No, they take exponentially increasing resources as a consequence of having imperfect recall. Smaller models have "worse" recall. They've been trained with smaller datasets (or pruned more).
As you increase the size of the model (number of "neurons" that can be weighted) you increase the ability of that model to retain and use information. But that information isn't retained in the same form as it was input. A model trained on the English language (an LLM, like ChatGPT) does not know every possible word, nor does it actually know ANY words.
All ChatGPT knows is what characters are statistically likely to go after another in a long sequence. With enough neurons and layers combined with large amounts of processing power and time for training, this results in a weighted model which is many orders of magnitude smaller than the dataset it was trained on.
Since the model weighting itself is smaller than the input dataset, it is literally impossible for the model to have perfect recall of the input dataset. So by definition, these models have imperfect recall.
In other words they require exponentially more input because the AI doesn’t know what it is looking at.

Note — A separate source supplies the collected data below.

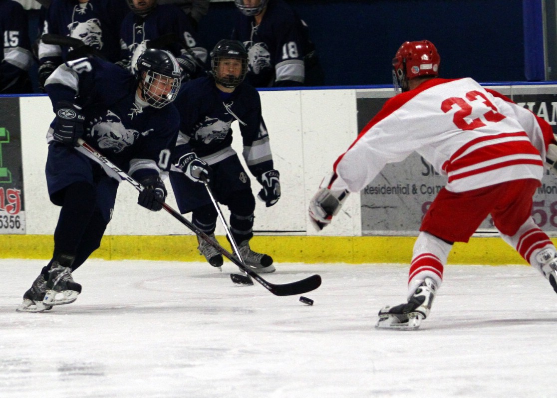 Portland briefly gained control of the puck along the boards and had the chance to clear the zone again, but Red Riots junior forward D.J. Conley and senior Aiden Boyce converged at the last second and managed to just barely keep the puck from trickling out. Pushing, kicking and hacking away with a pair of Portland skaters doing much the same, Conley and Boyce prevailed when the puck bounced loose toward center ice and found Whitten alone just above the circle on the left side.
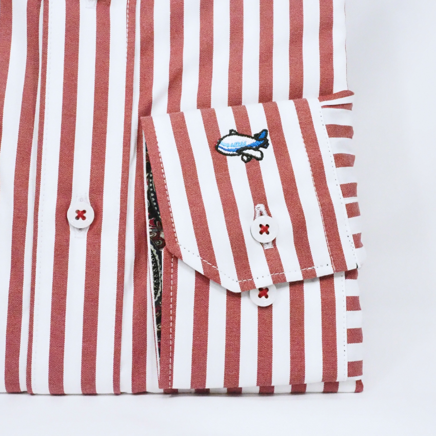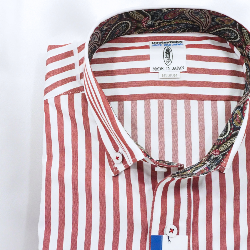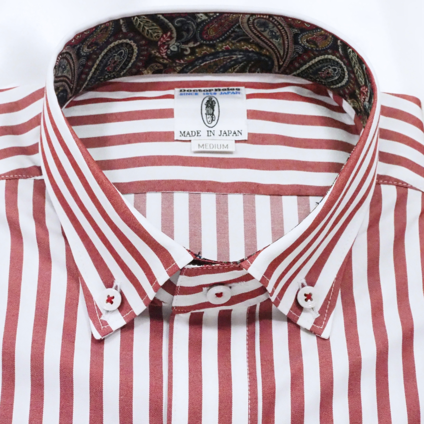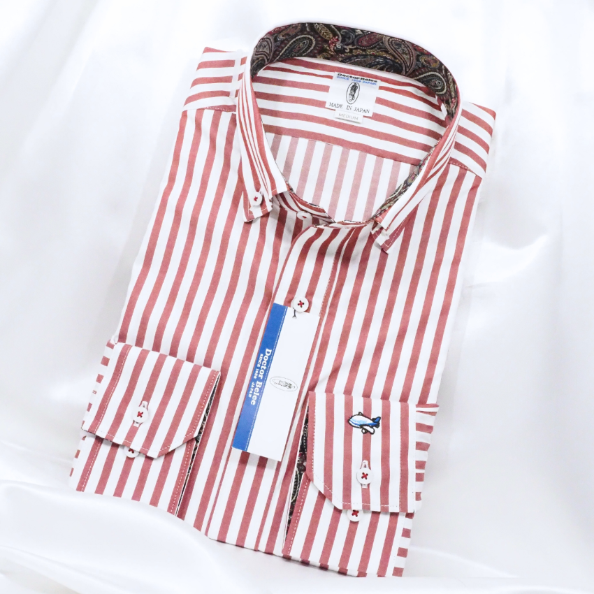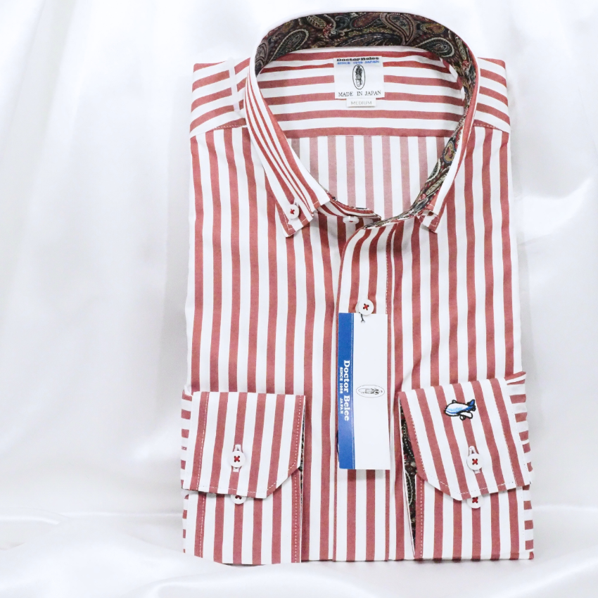 飛行機のワンポイントを入れ羽田空港らしいデザインにこだわりました。こちらの商品が手に入るのはドクターベリー羽田空港店とHANEDAオンラインショップのみ。一つのデザインで約30枚しか作らない極小ロット生産になります。また店舗スタッフがデザイン企画をし、生地選びから裏地、釦、衿型など細部にこだわりデザインしております。素材も綿100%(80番手双糸以上)の高級綿を使用しており、優しく柔らかい着心地を追求しています。良質な素材、オリジナルデザイン、極小ロット生産、日本製。たくさんのこだわりを詰めた一枚です。
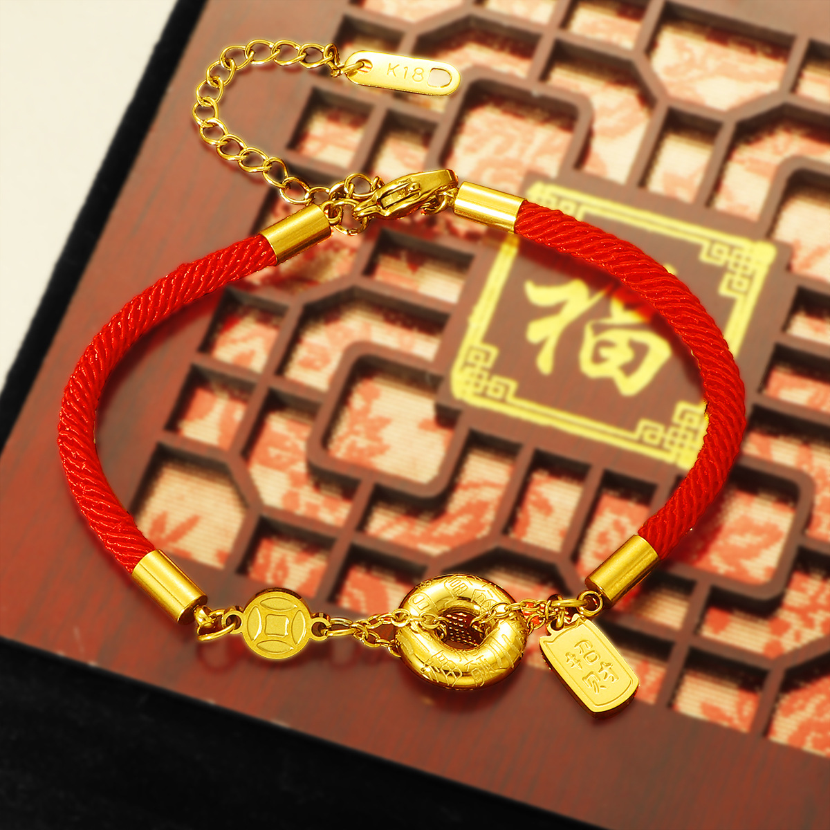 New Entry Light Luxury Safe Buckle Lucky Copper Red Rope Bracelet Women's Benmingnian Titanium Steel Red Rope National Trendy Fashion Hand Rope

It uses its perfect recollection of that input to create a ‘model’ of what a face should look like and stores that model like a collage of all the samples and then uses that to reproduce a face.
Well, what you described is simply not a perfect recollection. It is many small tidbits of information that combined together can make a larger output.
If our brains worked exactly the same as AI programming then AI wouldn’t be needed because it would be no different than how we are doing things without AI.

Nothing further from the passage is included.